Once, at the beginning of this millennium, Italy seemed exceptional in that it was ruled by a much mocked, sleazy media billionaire, Silvio Berlusconi, who had created a virtual party, Forza Italia (Come on Italy) which relied on his TV stations for its support. The Economist and the Financial Times lambasted him because rather than implementing the neoliberal ‘reforms’ that he verbally espoused, he was more interested in protecting himself from a series of court cases being brought against him.

Fast forward to today’s world of Trump, Johnson and Bolsonaro and Italy back then doesn’t seem exceptional, rather it was setting a trend for others to follow. There have been a rack of fine English language historians of Italy but there are also many who fall back on stereotypes of charming but untrustworthy Italians too feckless to resist organised crime and corrupt and inefficient politicians.

In fact, Italy has been a pioneer in other aspects of our neoliberal world. The Mafia, the Camorra and ‘Ndrangheta long ago saw opportunities in privatised services like health care and in the casino world of finance. They are present in London and Berlin as much as they are in Naples or Sicily.

David Broder has produced an excellent account of what has made modern Italy different but also similar to other Western European states. It begins back in the early 1990s when Italy was once more a pioneer, in that it was the first Western democracy where an established and stable two party system collapsed suddenly, opening the way for a series of new political forces, labelled populist, to emerge spectacularly and suddenly.

Collapse of the post-war system

From the fall of fascism and the end of World War Two, Italy until 1994 was ruled by the centre-right Christian Democrats (DC), tied to Washington and the Vatican.

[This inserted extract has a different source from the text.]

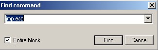 Figure 24. Search for the jmp esp command.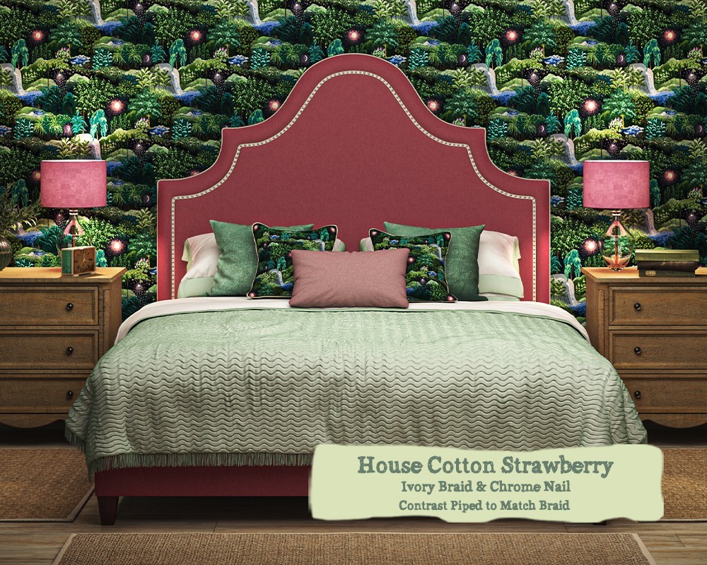 A fully upholstered bed with a curved and piped headend, featuring an inset nailed braid to mirror the grand profile.

The main party of opposition was the Italian Communist Party (PCdI) which had some million and a half members and got a quarter of the popular vote. It had been the pillar of the war time resistance and was part of the new government at the close of the war until Washington demanded its removal in 1947. Ever after it was to be excluded from government.

Two events led to the dissolution of both the PCdI, in 1991, and then the DC, in 1994. The first was the collapse of the Soviet Union and the PCdI’s decision to dissolve itself and create a new Democratic Socialist Party (PDS). Broder does a good job in explaining how the ex-Communists shifted to be the keenest of neoliberals and champions of the European Union. They would drop the Socialist bit from their title and identify themselves with Bill Clinton and Tony Blair. Consequently, in the thirty years that followed, their base and vote would be eroded. Something similar happened to social-democratic parties across Western Europe but what Broder points out is that they had ideological baggage they could not completely junk. The Italian ex-Communists junked it all and evolved into a party which today in Rome’s local elections gets its biggest vote in the richest parts of the city.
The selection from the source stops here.